Work to be completed: Starting from the line with "client_id와 client_secret, code를" and going up to and including the line with "Тема Супрамолекулярные ансамбли", copy the listing below exactly. Leave all images out.

Entries shown:
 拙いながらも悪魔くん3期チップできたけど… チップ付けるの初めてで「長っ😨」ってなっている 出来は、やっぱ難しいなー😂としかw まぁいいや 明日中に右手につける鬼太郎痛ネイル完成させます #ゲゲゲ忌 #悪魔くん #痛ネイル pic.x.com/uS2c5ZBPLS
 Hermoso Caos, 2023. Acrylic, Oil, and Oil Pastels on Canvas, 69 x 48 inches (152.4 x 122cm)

---

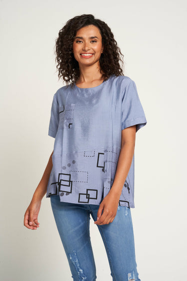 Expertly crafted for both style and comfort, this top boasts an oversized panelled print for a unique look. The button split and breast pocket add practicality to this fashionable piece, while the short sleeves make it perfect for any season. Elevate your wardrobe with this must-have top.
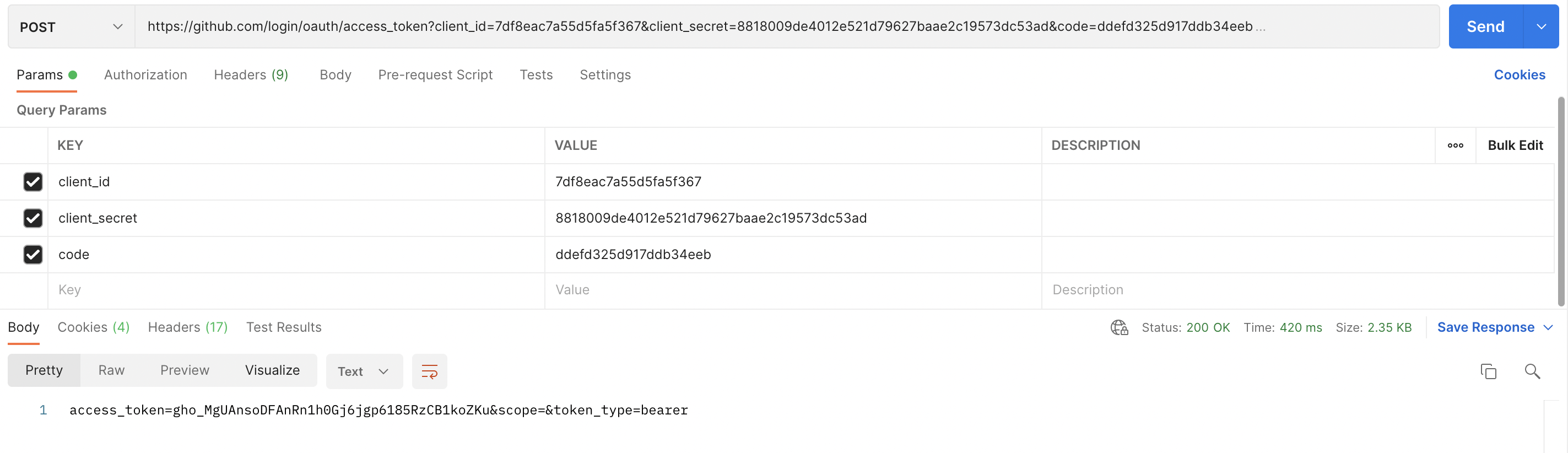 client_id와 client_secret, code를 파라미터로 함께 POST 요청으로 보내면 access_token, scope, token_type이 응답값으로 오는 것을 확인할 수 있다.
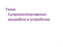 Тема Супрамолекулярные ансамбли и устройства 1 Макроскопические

Output below:
 client_id와 client_secret, code를 파라미터로 함께 POST 요청으로 보내면 access_token, scope, token_type이 응답값으로 오는 것을 확인할 수 있다.
 Тема Супрамолекулярные ансамбли и устройства 1 Макроскопические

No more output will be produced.